Впервые опубликовано в Contemporary Review, апрель 1885
Нет для человека большего разочарования, чем увидеть подноготную и механизмы любого искусства. Все наши искусства и занятия лежат на поверхности – именно на ней мы и воспринимаем их красоту, гармонию и смысл; но стоит заглянуть внутрь, как нас начинает пугать их пустота и поражает грубость тех «шнуров и верёвок», на которых всё держится. Похожим образом и сама психология, если углубиться слишком далеко, оборачивается отталкивающей схематичностью, однако чаще всего это не столько порок ума, сколько недостаток нашего анализа. Возможно, то же самое и в эстетике: открытия, которые, кажется, губят всю «высоту» искусства, губительны нам ровно в меру нашего незнания. А те сознательные или бессознательные приёмы, в которых мы готовы усмотреть нечто недостойное серьёзного художника, могли бы – умей мы проследить их до самых глубин, – стать доказательством гораздо более тонкого восприятия и отголоском исконных «гармоний» в самой природе. Но подобное невежество в основном неисправимо. Мы никогда не узнаем, как именно связаны между собой разные проявления красоты: всё это спрятано слишком глубоко в самой природе и уходит корнями в туманные древности истории человечества. Поэтому любителя всегда будет коробить, когда ему раскрывают секреты мастерства, – секреты, которые можно лишь описать, но нельзя полностью объяснить. Более того, как сказано в «Хадибрасе», «Тем сильней рукоплещут искусству, Чем меньше его понимают», многие и впрямь, узнав новый приём, чувствуют, будто их радость от соприкосновения с прекрасным померкла. Хочу, значит, сразу предупредить «широкого читателя», что я пустился тут в занятие, крайне ему неприятное: словно снимаю картину со стены и разглядываю оборот, как любопытный ребёнок, разбираю музыкальную шкатулку по винтикам.

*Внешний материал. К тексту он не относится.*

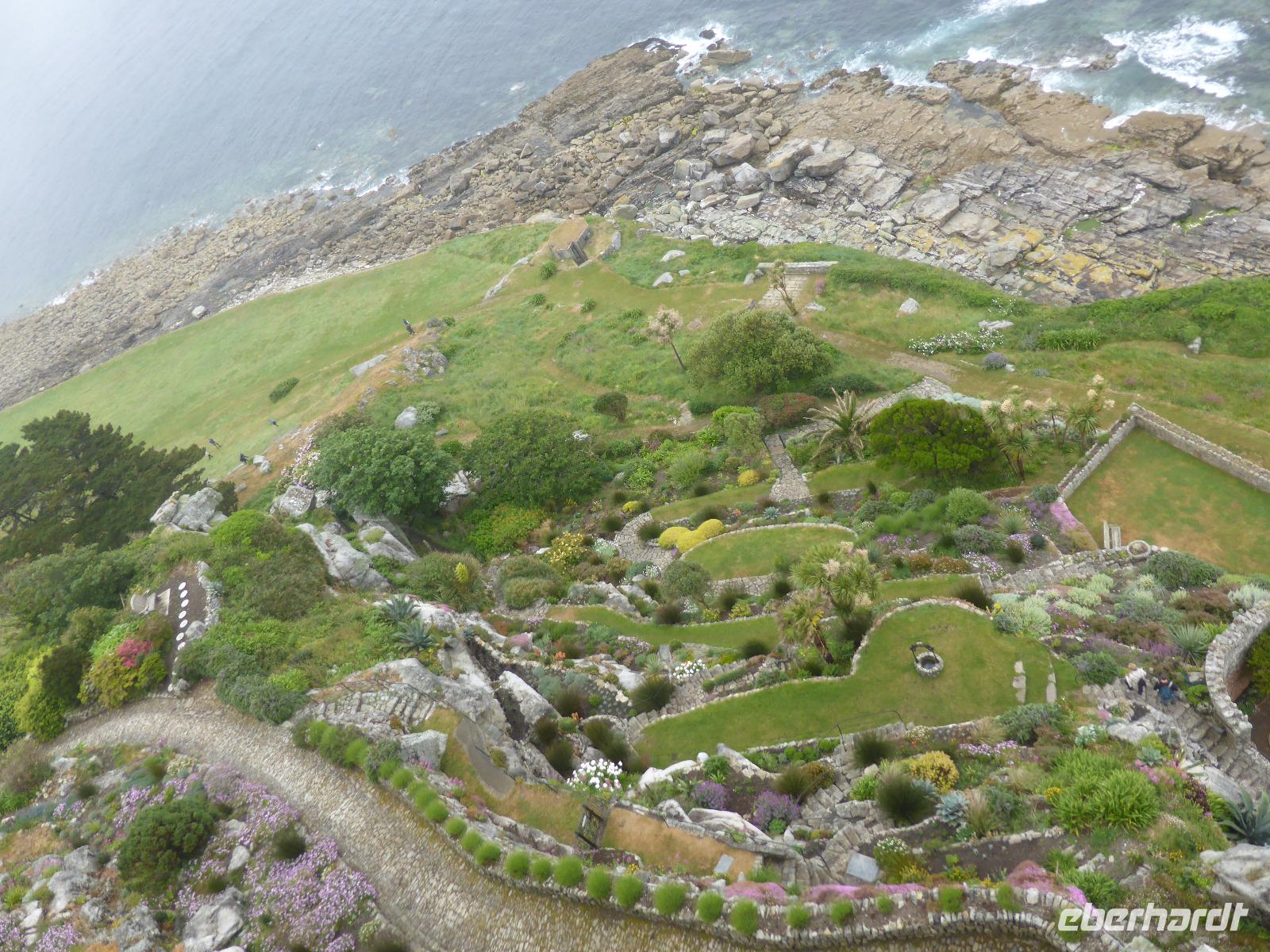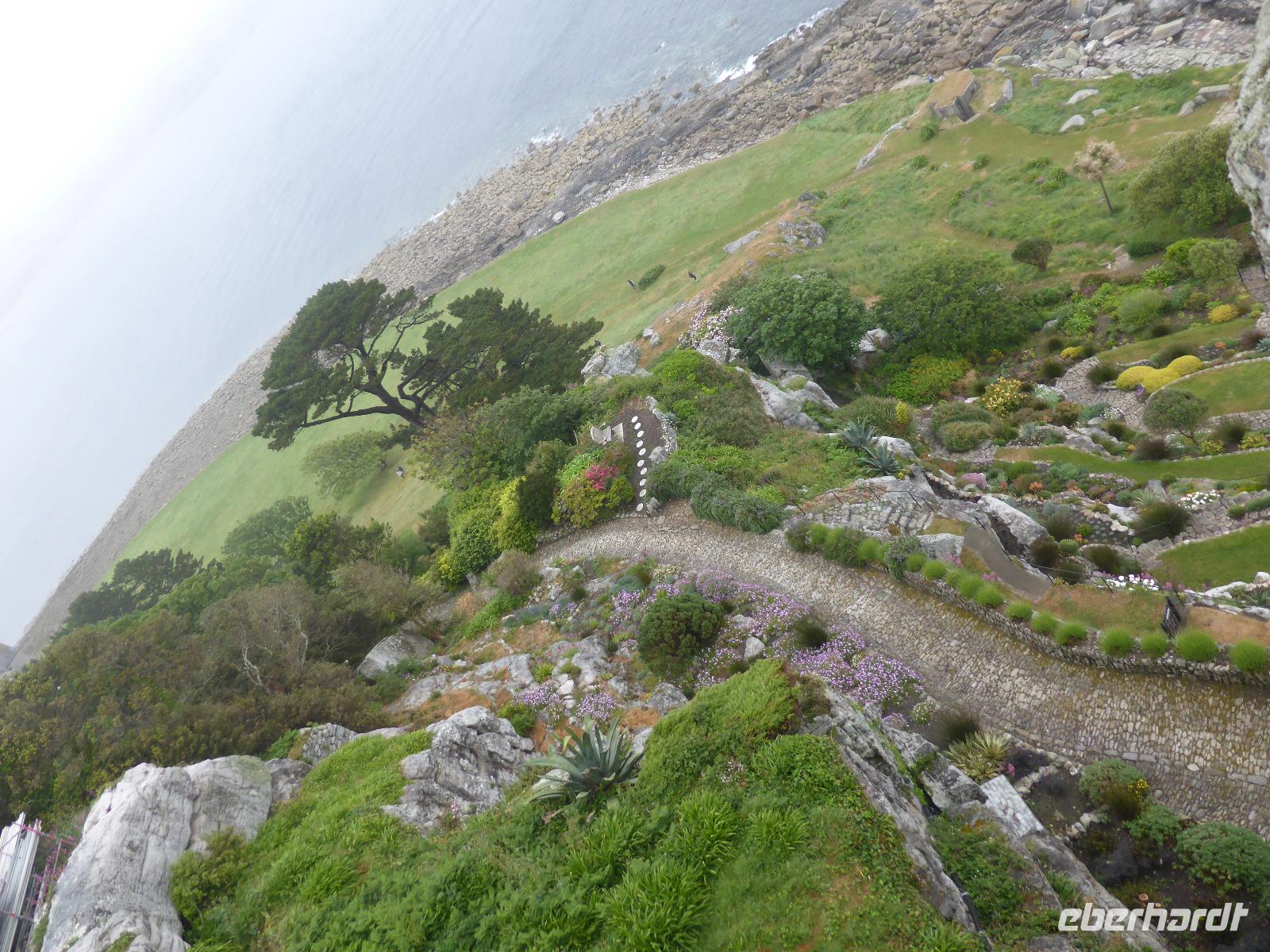 Auf unserem Rundgang besichtigten wir die verschiedenen Wohn- und Repräsentationsräume, die Kirche und genossen einen wunderbaren Blick von der Terrasse auf die Bucht. Von oben hatte man bereits den besten Blick auf die wunderschönen Gärten am Südhang des Felsens. Auch für einen kleinen Besuch der Gärten hat die Zeit noch gereicht.

Искусство литературы стоит несколько особняком от других сестёр, потому что материал, с которым работает писатель, – это наша обиходная речь. Отсюда, с одной стороны, непосредственность и живая новизна: ведь читатель уже «настроен» понимать эти слова. Но отсюда же – и особое ограничение. В других видах искусства сырьё и пластичнее, и податливее – как глина в руках скульптора. Литературе же приходится трудиться словно мозаи́сту, выкладывая тексты из отдельных готовых «кусочков» – жёстких слов с фиксированной формой и смыслом. Вы, наверное, видели детские кубики – один в виде колонны, другой напоминает фронтон, третий – окошко или вазу. Примерно такими же разнокалиберными и «негнущимися» блоками приходится располагать в тексте писателю, возводя свой «дворец искусства». Но и это ещё не всё: раз эти «блоки», иначе говоря, слова, – признанная валюта нашей повседневной жизни, то в литературе невозможно прибегнуть к таким пропускам, недосказанности и умолчаниям, которые так часто помогают другим видам искусства достичь выразительности, плавности и силы. В живописи есть условные знаки и неявные мазки; в архитектуре – монолитные глухие стены. Здесь же каждое слово, каждая фраза, каждое предложение и даже абзац должны разворачиваться строго и логично и нести вполне определённый, принятый в языке смысл.